[[ RECORD SET open ]]

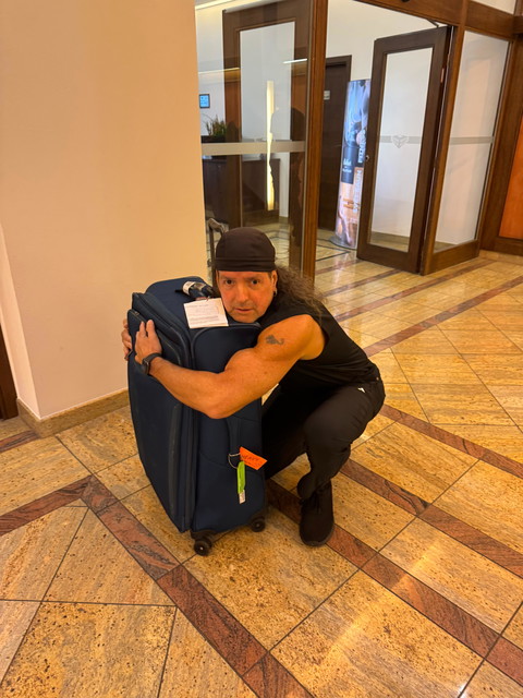 Once we hit Vienna, I met up with the rest of the band and crew (nine total in our party) to collect our luggage and make the 3 to 4-hour drive to a remote part of the Czech Republic. However... my bag didn't make it. Yes, friends... my big-ass bag, with multiple changes of clothes for workouts and runs, stage gear, practice pad and sticks, all kinds of vegan food, a blender, Dragon Dirt smoothie mix... essentially, my whole world, as it were... MIA. I mean, this heavy, road-worn piece of luggage is such a staple in the Lita Ford tour lexicon, "he" has his own name: Big Blue. And once the conveyor belt stopped and Jarod was able to confirm the bag was lost, I checked my Apple Air Tag app to see that, sure enough, Big Blue was still in fucking Washington DC! Good God.
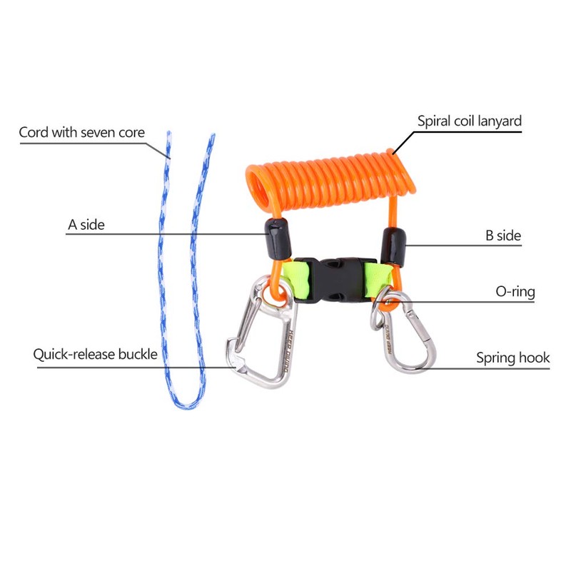 • Anti-lost spring rope: during underwater activities, important elements can be connected to avoid loss. Simple device to ensure you don't lose your camera during a dive. Perfect for connecting your camera or other accessories to your diving equipment.
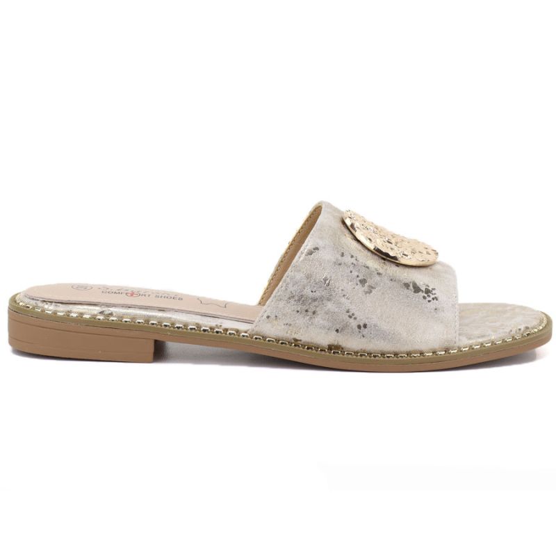 Goldfarbene Damen-Flip-Flops aus Leder, S.Barski KV61-6034
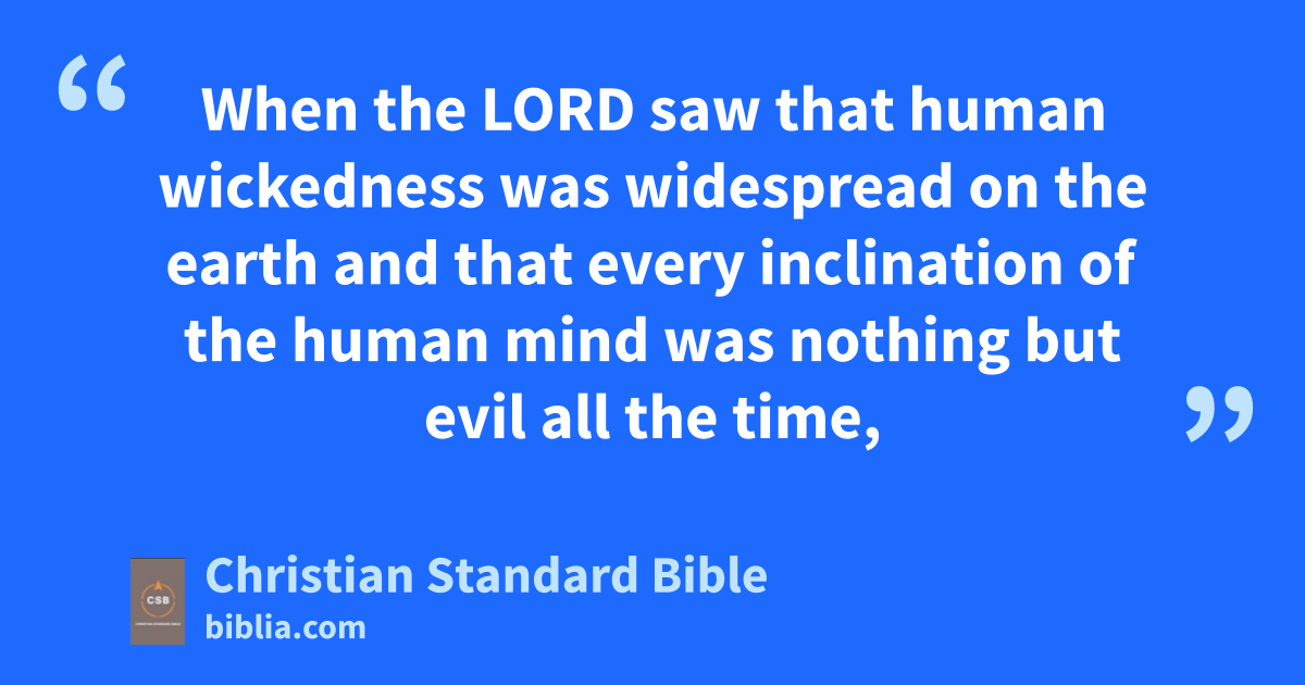 5 When the Lord saw that human wickedness was widespread on the earth and that every inclination of the human mind was nothing but evil all the time,e 6 the Lord regretted that he had made man on the earth,f and he was deeply grieved. 7 Then the Lord said, “I will wipe mankind, whom I created, off the face of the earth, together with the animals, creatures that crawl, and birds of the sky—for I regret that I made them.” 8 Noah, however, found favor with the Lord.g
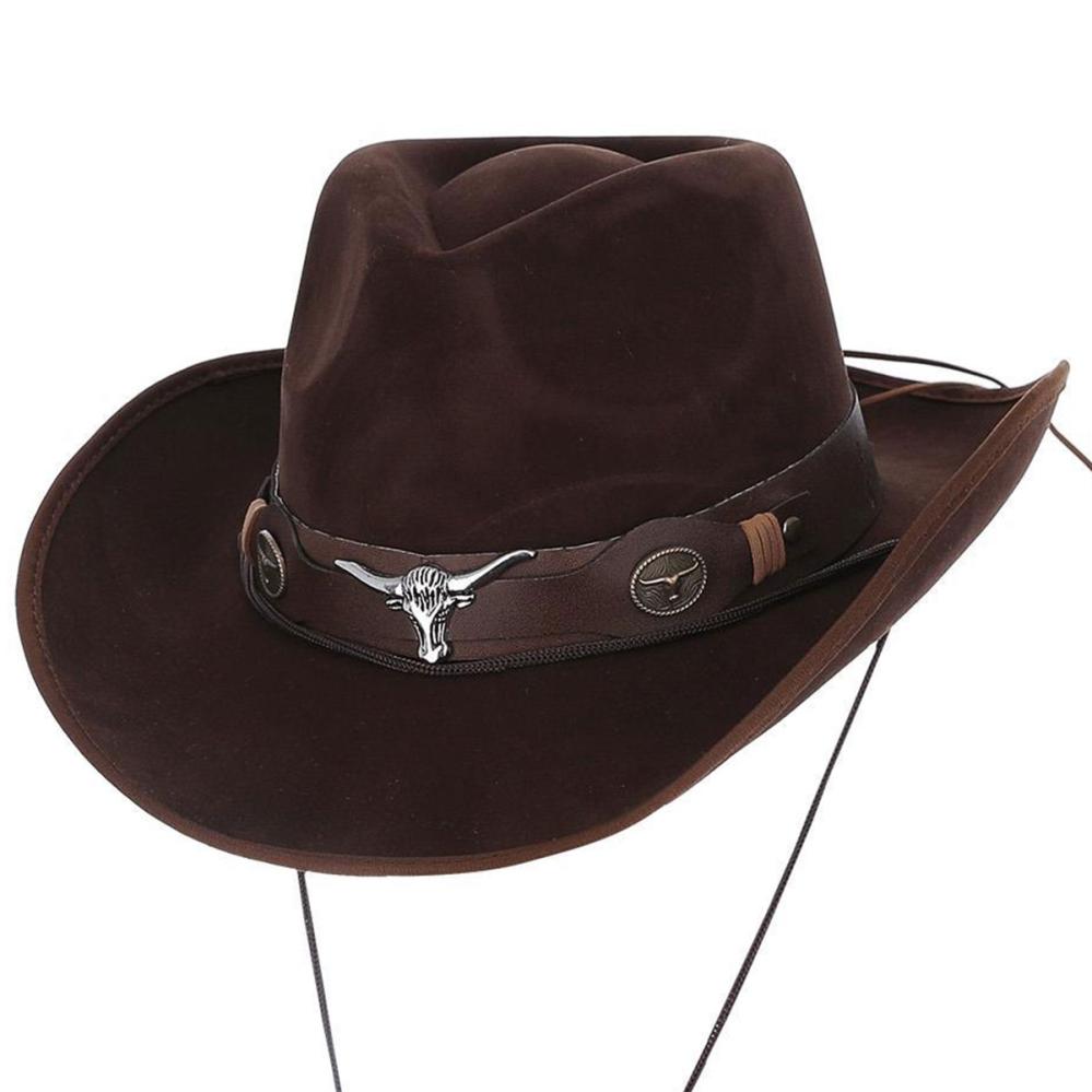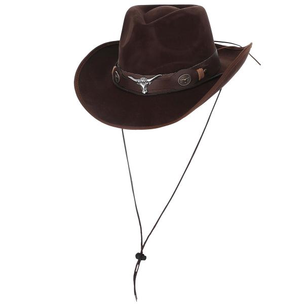 Cowboyhatt Brun Konstläder Western omfattar en brun cowboyhatt i ett läderliknande material, ett brunt band med metalldetaljer i form av tjur symboler och ett snöre knutet i en rosett baktill samt ett snöre man kan dra åt runt halsen.
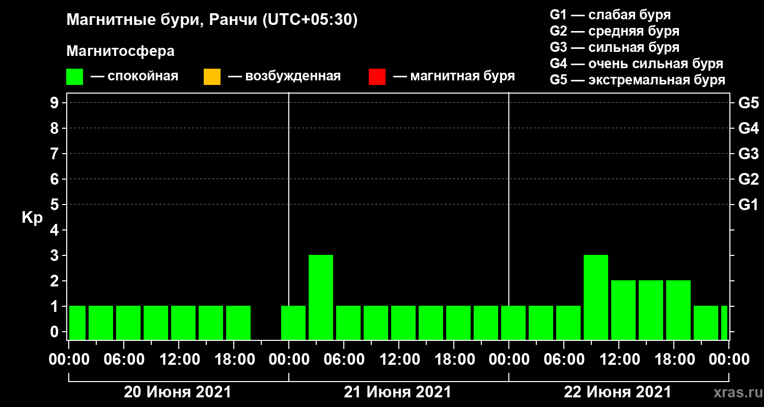 Изменения геомагнитного индекса Kp с 20 по 22 июня 2021 года для средних широт
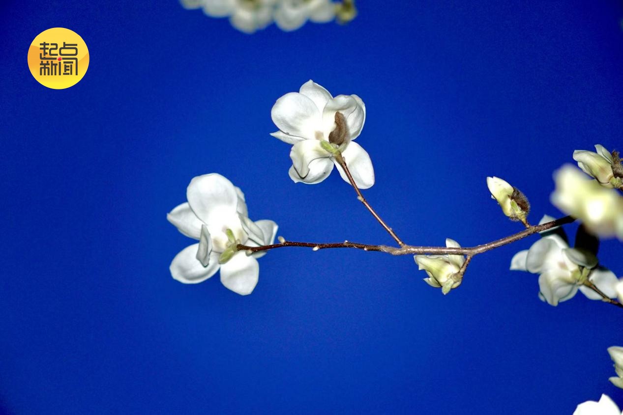 紫叶李与玉兰交错横斜,似是“暗香浮动月黄昏”的写意,又藏着“乱花渐欲迷人眼”的鲜活。
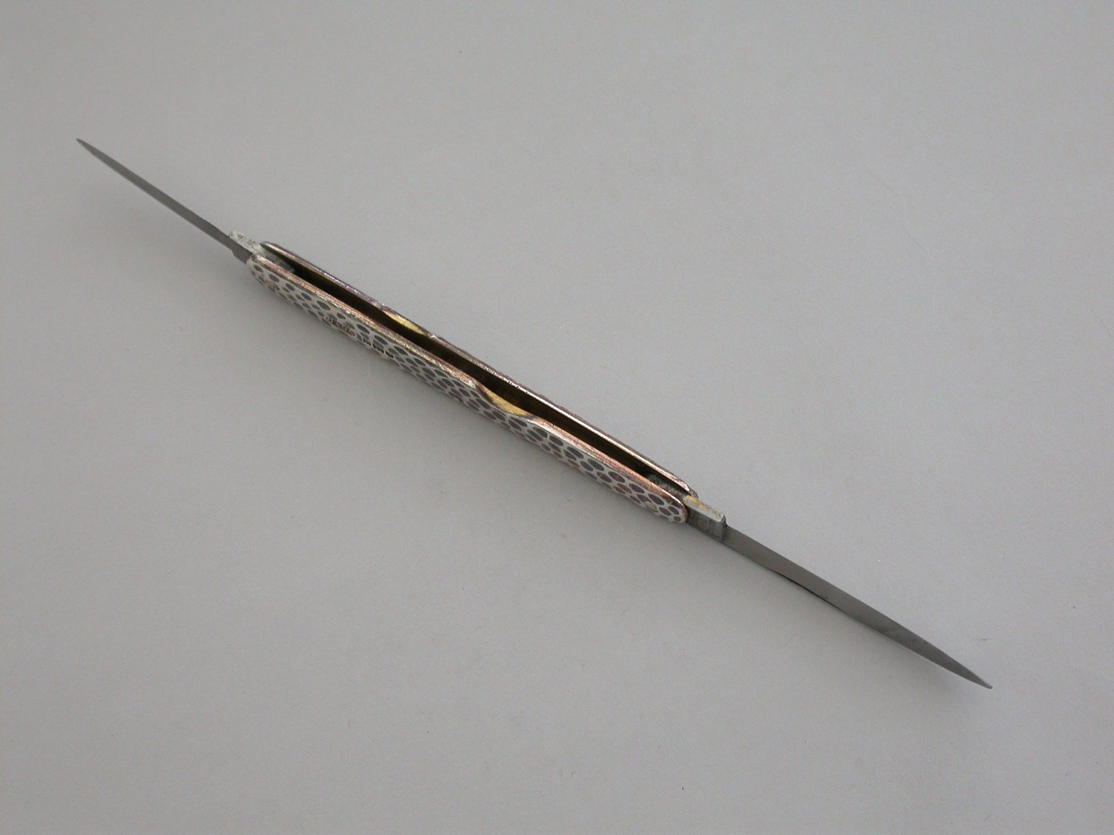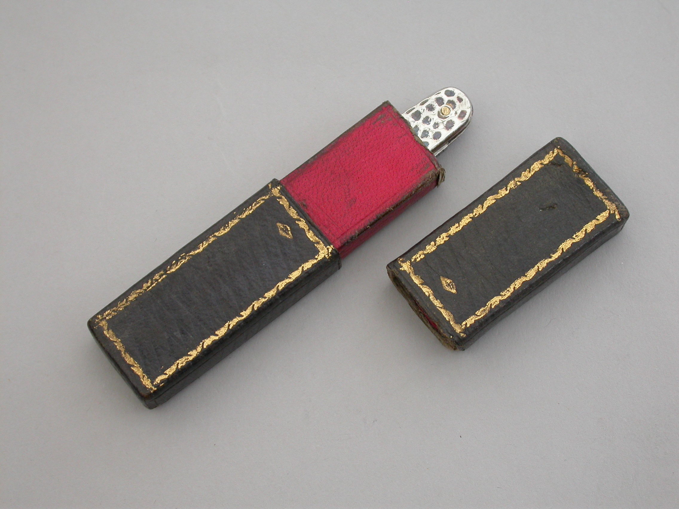 Cased Edwardian Silver & Enamel Folding Pen Knife

[[ RECORD SET closed ]]

→ TASK DETAILS
In the records, the line containing "Изменения геомагнитного индекса" starts the span and the final line ends it. Output exactly that span, both ends included, with no pictures and nothing else.

→ SOLUTION FOR THIS EXERCISE
 Изменения геомагнитного индекса Kp с 20 по 22 июня 2021 года для средних широт
 紫叶李与玉兰交错横斜,似是“暗香浮动月黄昏”的写意,又藏着“乱花渐欲迷人眼”的鲜活。
 Cased Edwardian Silver & Enamel Folding Pen Knife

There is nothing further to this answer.